Kudos to Jack McKinney and that epic which is the _Robotech_ franchise...my kind of "space opera"...

On Jiholewa, just three cyses conquered...
"You are going? Where?" "Your master is called home..." "Can I come with you?" "Only if you want to leave here...I cannot promise you will ever return..."
"They stopped us from destroying ourselves...by preying on us themselves..."
...old ways die hard...
"Will we fall again into clans and wars?" "Not as long as we share our greater hatred for them..."
"It was not you, it was not they." "This isn't the point..."
...new ways are gripped tight...
"They did bring us together." "Who's side are you on?"
"They have given us so much..." "Remind me to incant thanks as I shoot each of them down..."
...there are no boundries...
"You're so young! Oh, please understand. I won't hurt you, I'll treat you well...you're safe with me..."
"One is never too old to die in battle..."
...for revenge - or justice - is everyone's war...
"We fight our own battles. You should not split your people again. If you die with us, who can know the misery it will bring back to Jiho?"
"They have a word..."foolish"...you are all "fools"..."
...and how you feel is what you do...
"I am grateful to them. I wish them no harm." "You are young and they stole no one from you..."
"Please believe us.

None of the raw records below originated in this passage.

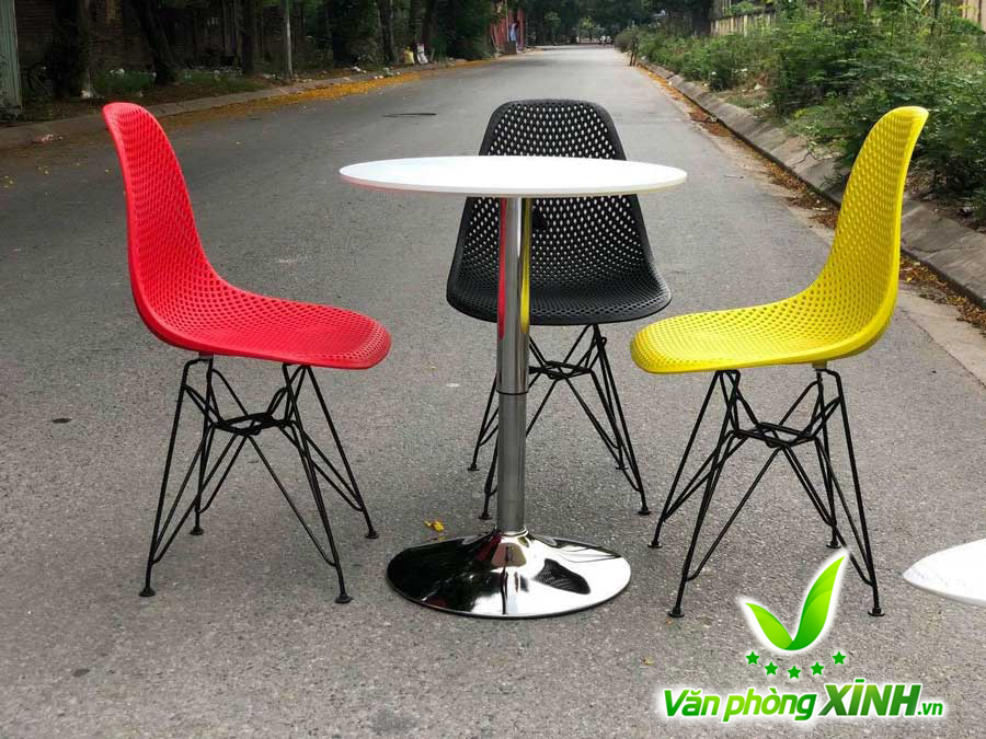 Mặt bàn Eames: làm bằng gỗ nhựa composite với bề mặt sáng bóng, dẻo dai, dễ lau chùi, bền màu với thời gian.
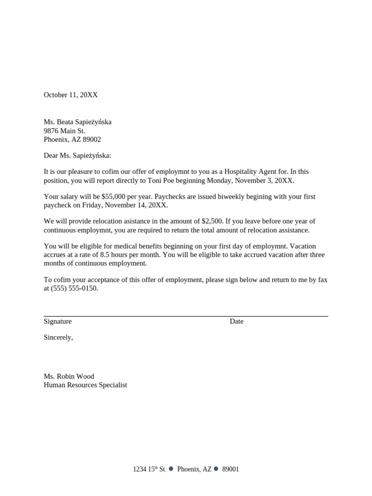 To cofim your acceptance of this offer of employment, please sign below and return to me by fax
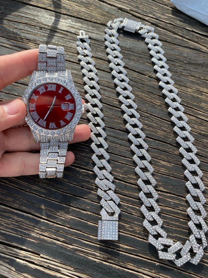 Parlak kırmızı saat kadranı ve zincir detaylı aksesuarlar içeren kadın saat ve takı seti. Sokak modasına uygun, ışıltılı yılan desenli tasarım. ⌚
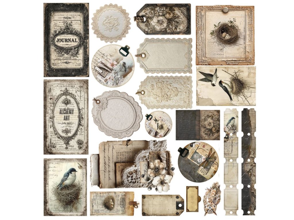 Dekorativní látkový arch k vystřihování, určený pro kreativní tvoření, art journaling, textilní koláže a mixed-media projekty.
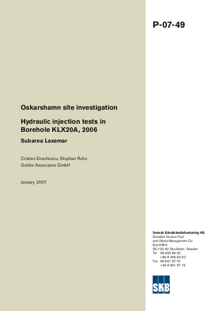 Oskarshamn site investigation. Hydraulic injection tests in borehole KLX20A, 2006 Subarea Laxemar

We are with you..."
"Mercy...mercy..." "Never!"

So an insurrection is brewing...
"We owe them much. Once we stood face to face, now side by side. Once we had pride which tore us; they taught us nothing should seperate those of blood sharing ground..." "We owe them nothing but death..."
"They are weak and we have grown strong enough to stamp them out! They do not belong here! Jiho for those born of her blood!"
...according to plan they will retreat....
"Manufacturing security reports arms and munitions missing from the stores." "Then it won't be long now..."
"Signal and the transports will planetfall within 42 olsequentials. Embark all combat graded troops and leave all their equipment behind..."
 ...leaving two divisions of unseasoned trainees to defend the seat of their authority on Jiholewa, the Holding...
"They aren't ready." "The survivors will be..."
"Many of them are just children, some afraid." "The easier for us, then. Slay them all..."
...abandoned by their field trainers to die...
"Where are the superiors?" "Logs show fourteen newly grounded transports rose 20 olsequentials ago, fully loaded with the rest of the enforcement. We're the only ones left on the planet..." "Why?" "Maybe we flunked training..."
...or survive by their wits alone...
"They outnumber us, have the tactical advantage, have access to a lot more equipment than we do..."
"Assemble a team to take the repelliancers back, no matter what the cost..."
"We do have the Holding still. They aren't in there so we must be." "But who..."
...with the help of a small core of elitist trainees left behind as their only support...
"You can't come in. We come out to you if you are willing to go on fighting." "What do you think we are doing now?" "Dying like the low-graded trainees you are..."
"You have a commander now...I is she..."
"Resistance of my decisions is punishable how I determine. Death is all I care to deal..."
...they will prove themselves worthy...
"We can't win." "Then what is the point?" "The scars..."
"I'll have you all dead or you'll never take me alive!"
"They would rather die than live as our slaves..."
...to do it again, "for real"...
"Glad to have made it?." "Bleed and then you can talk to me..."
"Your blood mixed with that of an enemy is more favorable to them..."
...leaving to return again one Jiho day in due time...
"We may have been their slaves, but we were all equal then...and we had peace...Now shall return old hates?"
"Why did we have to throw them off?" "We didn't "throw them off". They abandoned us freely..."
"Two choices. We are joined by the next fifteen years unless we choose to rend ourselves. Together shall we face them again..."

A
Centriiost
Universe(c)
Sub-line
miniseries

_Minao Galaxy_: Minao Strikes
PROVING GROUNDS - *Become Prepared*

You learn - and they bleed - so much better when you have to dig your claws in...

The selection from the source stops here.